**SUPPLIED MATERIAL**
--- START ---

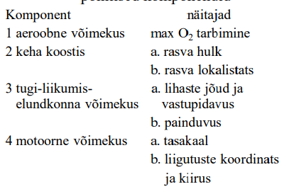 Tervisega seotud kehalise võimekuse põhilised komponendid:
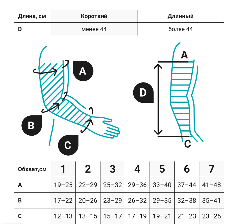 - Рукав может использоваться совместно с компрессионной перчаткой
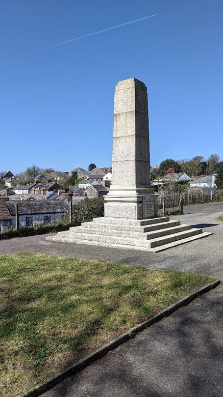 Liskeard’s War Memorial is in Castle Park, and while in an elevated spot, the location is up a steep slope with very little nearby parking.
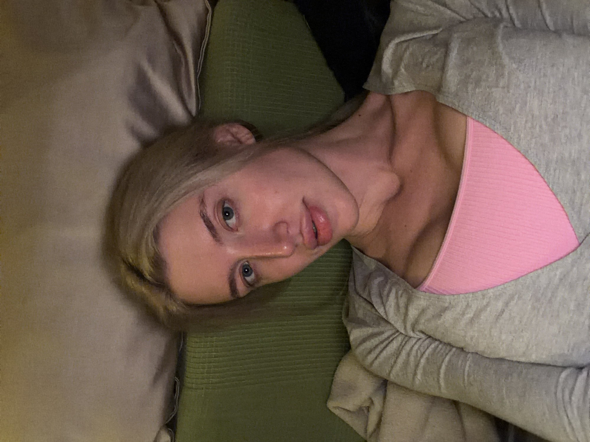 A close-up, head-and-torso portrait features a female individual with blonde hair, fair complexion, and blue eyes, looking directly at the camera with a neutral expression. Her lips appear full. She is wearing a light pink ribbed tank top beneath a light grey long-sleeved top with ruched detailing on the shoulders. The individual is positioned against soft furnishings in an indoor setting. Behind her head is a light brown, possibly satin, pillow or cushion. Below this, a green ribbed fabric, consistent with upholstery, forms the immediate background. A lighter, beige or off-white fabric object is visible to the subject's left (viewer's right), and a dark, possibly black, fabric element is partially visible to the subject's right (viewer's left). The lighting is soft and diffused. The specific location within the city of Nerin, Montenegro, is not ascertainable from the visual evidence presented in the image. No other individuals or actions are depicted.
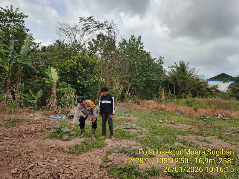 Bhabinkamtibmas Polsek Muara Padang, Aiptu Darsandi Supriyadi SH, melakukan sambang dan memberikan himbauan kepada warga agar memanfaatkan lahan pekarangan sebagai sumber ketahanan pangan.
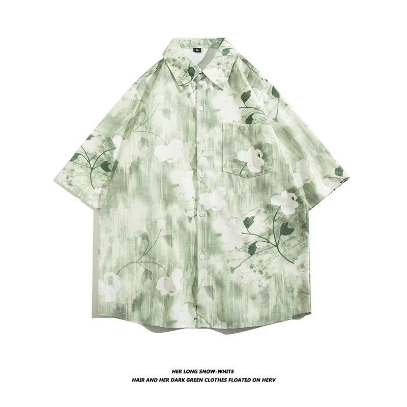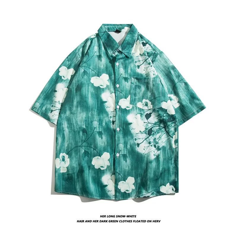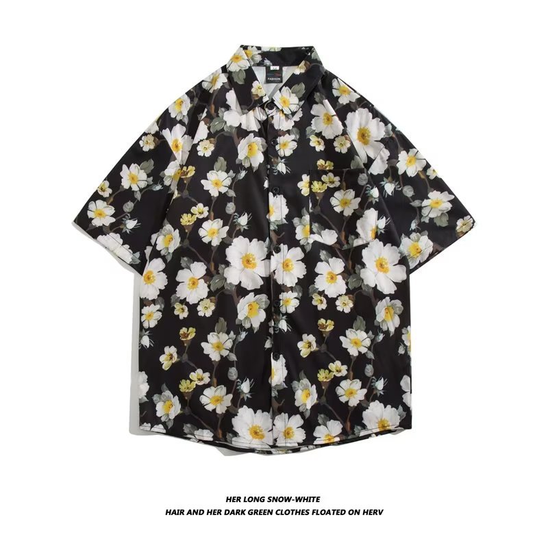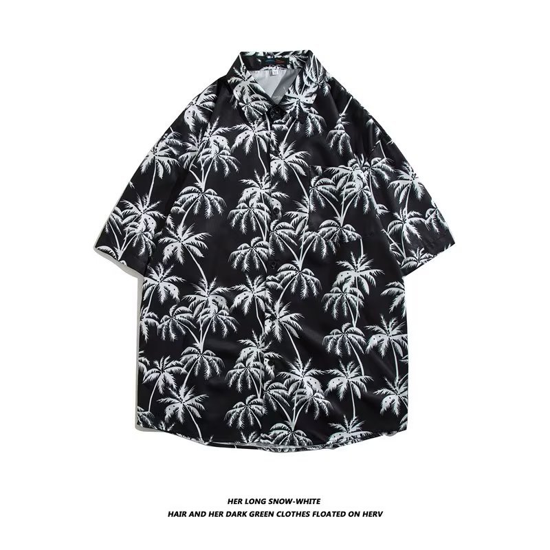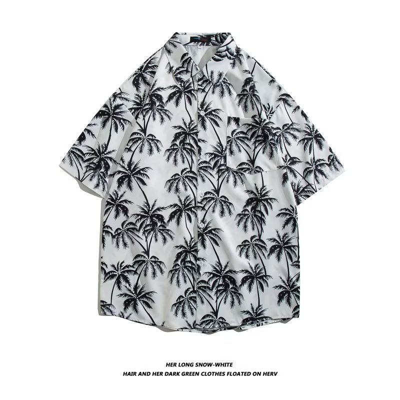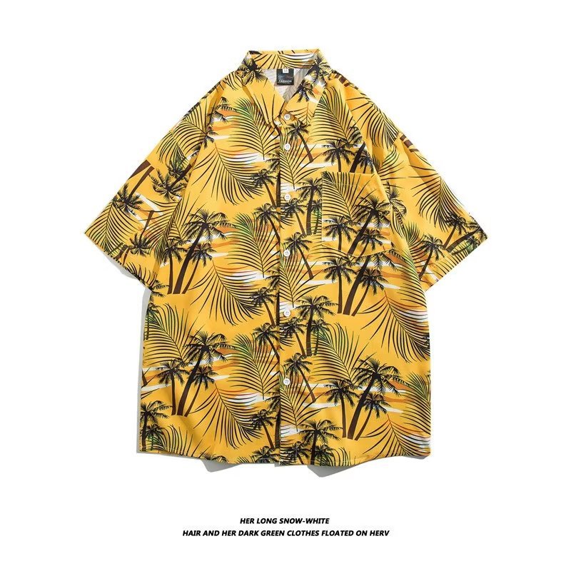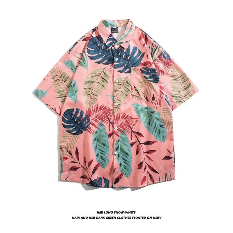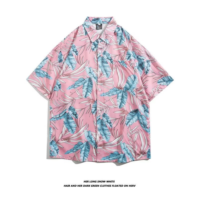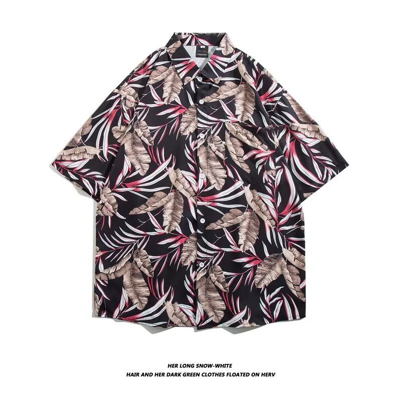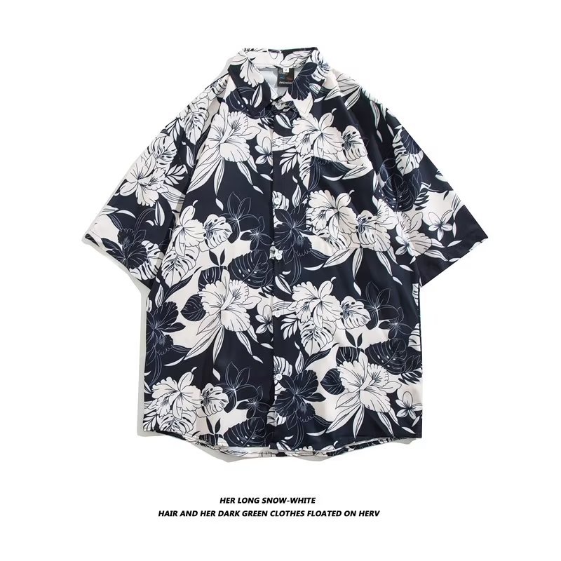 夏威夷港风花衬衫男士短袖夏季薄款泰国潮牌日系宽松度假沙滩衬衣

--- END ---
--- START ---

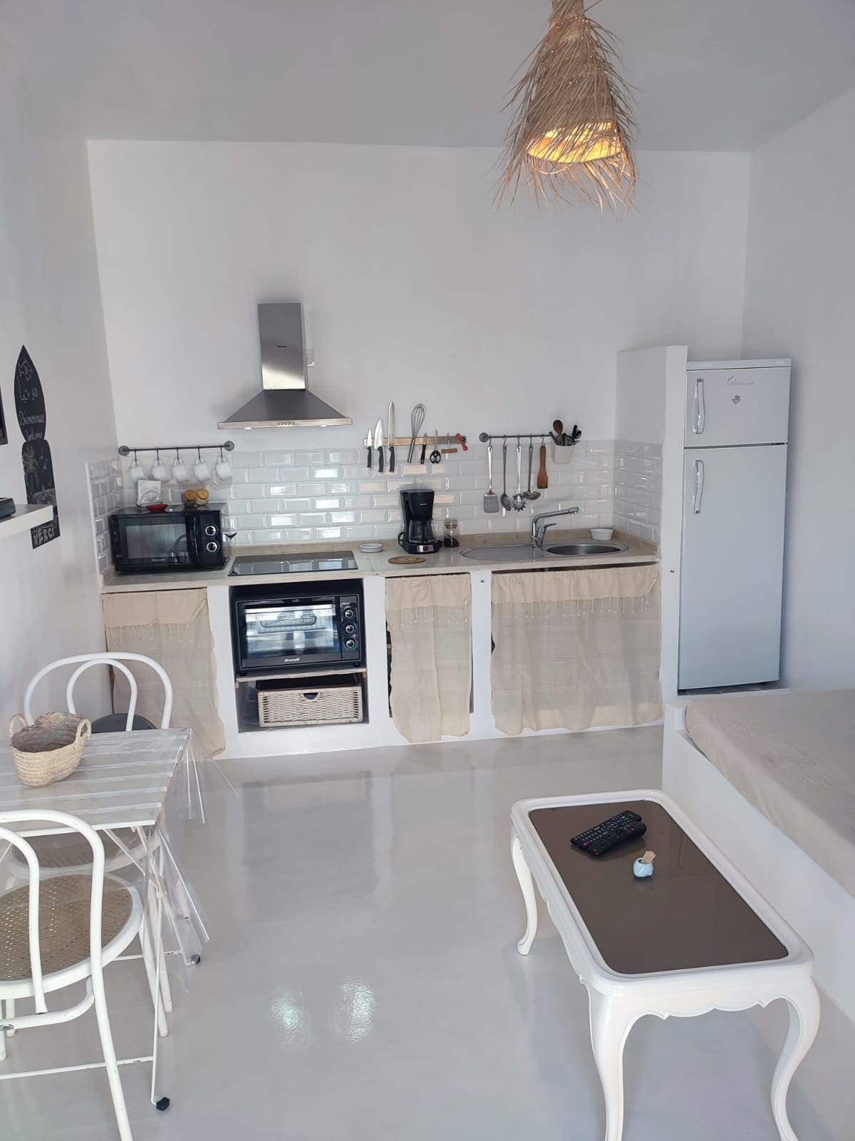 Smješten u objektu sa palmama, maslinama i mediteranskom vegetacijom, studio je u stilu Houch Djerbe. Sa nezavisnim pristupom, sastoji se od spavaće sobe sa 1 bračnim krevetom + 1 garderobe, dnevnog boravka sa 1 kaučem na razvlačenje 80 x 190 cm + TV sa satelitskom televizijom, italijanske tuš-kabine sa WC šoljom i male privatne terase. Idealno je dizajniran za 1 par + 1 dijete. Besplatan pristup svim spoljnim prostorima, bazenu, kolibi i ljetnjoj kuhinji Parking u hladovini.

--- END ---

**WHAT YOU NEED TO DO**
Print, word for word, the lines above that run from the line containing "Bhabinkamtibmas Polsek Muara" to the line containing "夏威夷港风花衬衫男士短袖夏季薄款泰国潮牌日系宽松度假沙滩衬衣", both included. Keep the pictures out.

**RESULT**
 Bhabinkamtibmas Polsek Muara Padang, Aiptu Darsandi Supriyadi SH, melakukan sambang dan memberikan himbauan kepada warga agar memanfaatkan lahan pekarangan sebagai sumber ketahanan pangan.
 夏威夷港风花衬衫男士短袖夏季薄款泰国潮牌日系宽松度假沙滩衬衣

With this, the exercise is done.